Directions:
Could you copy the data that follows exactly as written, but drop the pictures?

Stored records:
────────

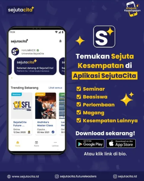 Aplikasi SejutaCita kini sudah tersedia untuk perangkat berbasis Android dan iOS. Beragam acara berkualitas dan berbobot sudah dikurasi dalam satu aplikasi ini, mulai dari informasi magang, beasiswa, lomba-lomba, beasiswa hingga kegiatan relawan.
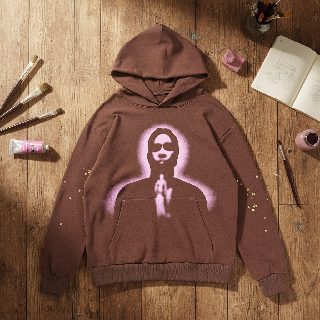 Sp5der Brown Hoodie: Unisex Cotton-Blend Streetwear with Star Design
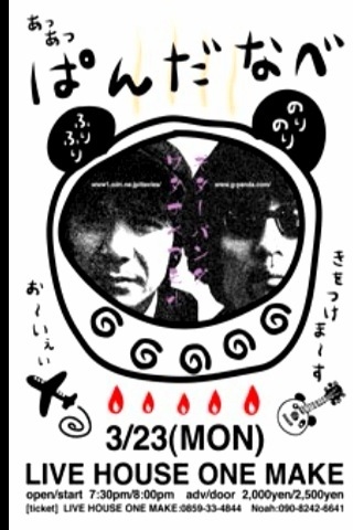 『あつあつ ぱんだなべ』はいかがですか? ☆ギターパンダ(山川のりお) www.g-panda.com/ ☆ワタナベマモル(元グレートリッチーズ) www1.odn.ne.jp/davies/ 豪華2本立てライブです! 精力的にツアーをこなす2人が、偶然にもこの米子で久しぶりの競演が実現しましたぁ! しかも、\2,000でこの2人のライブが観れるなんてぇ〜っ!あり得ません! ハッピーで、ファニーで、ちょっとせつない2人のライブで、ハッピーな春を呼び込みましょ〜! ★2009年3月23日(月曜日) ★Live house ONE MAKE 0859334844 ★open/start 7:30pm/8:00pm〜 ★adv/doo
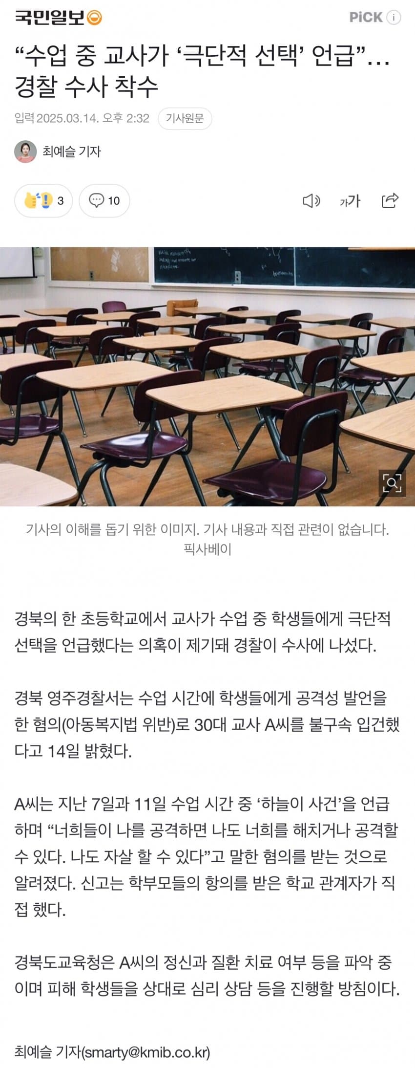 “수업 중 교사가 ‘극단적 선택’ 언급”… 경찰 수사 착수
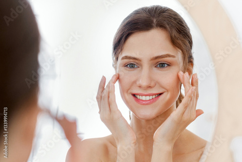 Beautiful smiling woman looking at mirror, applying eye serum, anti-aging beauty products concept
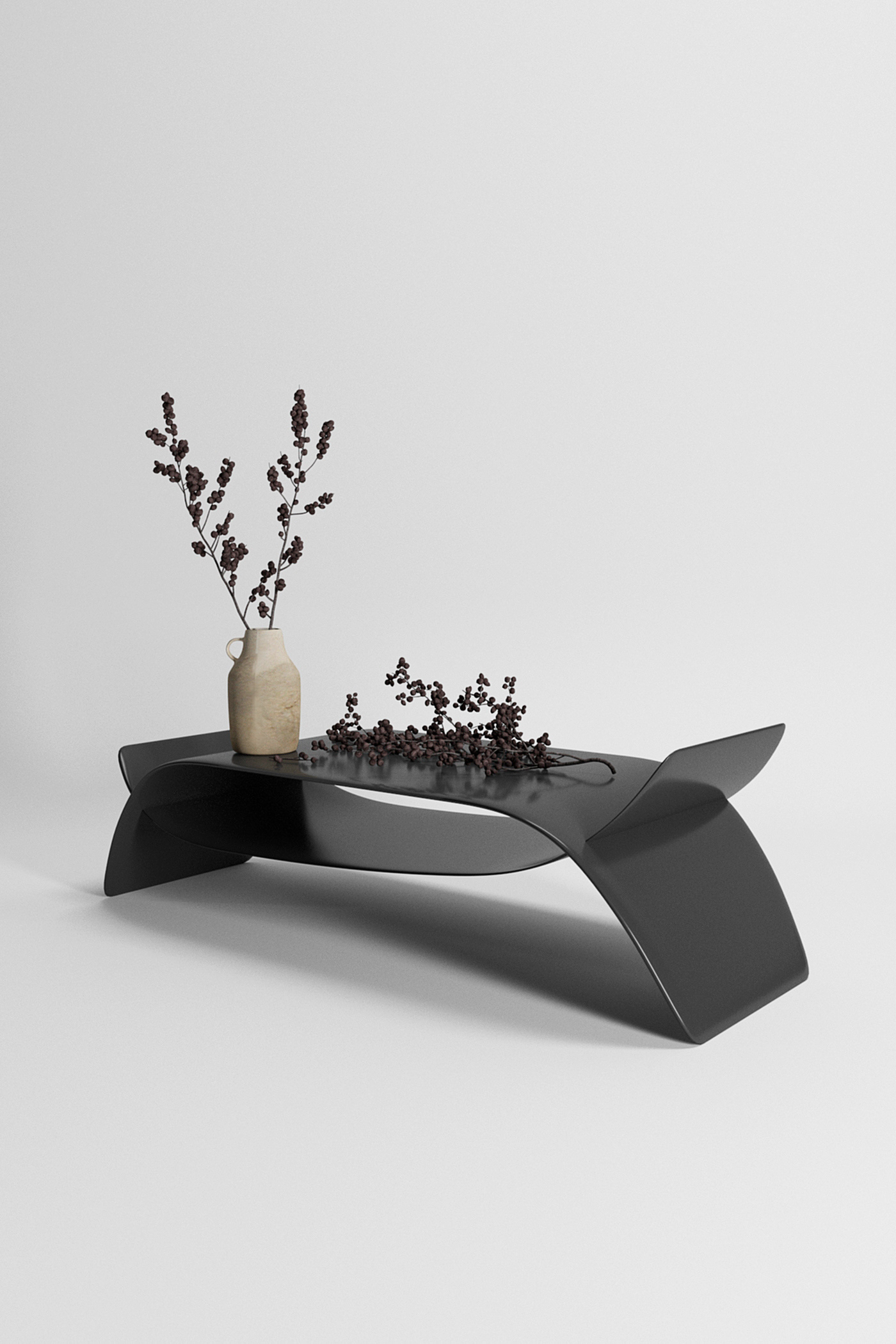 The series of tables consists of three modifications, where the shape is the same, but the material is different. Each of them is different, though so similar to each other. The idea was to combine two planes, as if they intertwine and emerge from each other. The lower element emphasises the figure and serves as a functional shelf. The one made of wood looks like little crabs.The other made of metal reminds the Chinese hieroglyph were one symbol can explain all essence. Simple, but so clear. These tables will be perfect addition to your interior. Consept for studio Sergey Makhno Architects
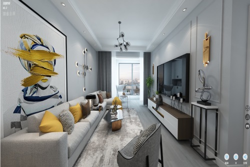 ? 沙發(fā)后面的墻面上用一副大的充滿設計感和時尚范的掛畫點綴,旁邊也是一個精致的墻上飾品設計,陽臺上精致的窗簾和沙發(fā)采用同色系組合。
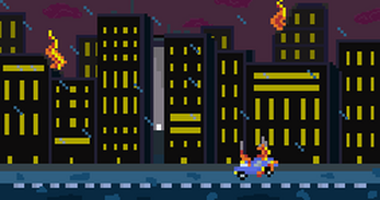 It's a fun little game and the art is nice but it could have more going on like sound and variety in the falling items. It could also have more consistent pixel size in relation to the characters and the background.

────────

Task output:
 Aplikasi SejutaCita kini sudah tersedia untuk perangkat berbasis Android dan iOS. Beragam acara berkualitas dan berbobot sudah dikurasi dalam satu aplikasi ini, mulai dari informasi magang, beasiswa, lomba-lomba, beasiswa hingga kegiatan relawan.
 Sp5der Brown Hoodie: Unisex Cotton-Blend Streetwear with Star Design
 『あつあつ ぱんだなべ』はいかがですか? ☆ギターパンダ(山川のりお) www.g-panda.com/ ☆ワタナベマモル(元グレートリッチーズ) www1.odn.ne.jp/davies/ 豪華2本立てライブです! 精力的にツアーをこなす2人が、偶然にもこの米子で久しぶりの競演が実現しましたぁ! しかも、\2,000でこの2人のライブが観れるなんてぇ〜っ!あり得ません! ハッピーで、ファニーで、ちょっとせつない2人のライブで、ハッピーな春を呼び込みましょ〜! ★2009年3月23日(月曜日) ★Live house ONE MAKE 0859334844 ★open/start 7:30pm/8:00pm〜 ★adv/doo
 “수업 중 교사가 ‘극단적 선택’ 언급”… 경찰 수사 착수
 Beautiful smiling woman looking at mirror, applying eye serum, anti-aging beauty products concept
 The series of tables consists of three modifications, where the shape is the same, but the material is different. Each of them is different, though so similar to each other. The idea was to combine two planes, as if they intertwine and emerge from each other. The lower element emphasises the figure and serves as a functional shelf. The one made of wood looks like little crabs.The other made of metal reminds the Chinese hieroglyph were one symbol can explain all essence. Simple, but so clear. These tables will be perfect addition to your interior. Consept for studio Sergey Makhno Architects
 ? 沙發(fā)后面的墻面上用一副大的充滿設計感和時尚范的掛畫點綴,旁邊也是一個精致的墻上飾品設計,陽臺上精致的窗簾和沙發(fā)采用同色系組合。
 It's a fun little game and the art is nice but it could have more going on like sound and variety in the falling items. It could also have more consistent pixel size in relation to the characters and the background.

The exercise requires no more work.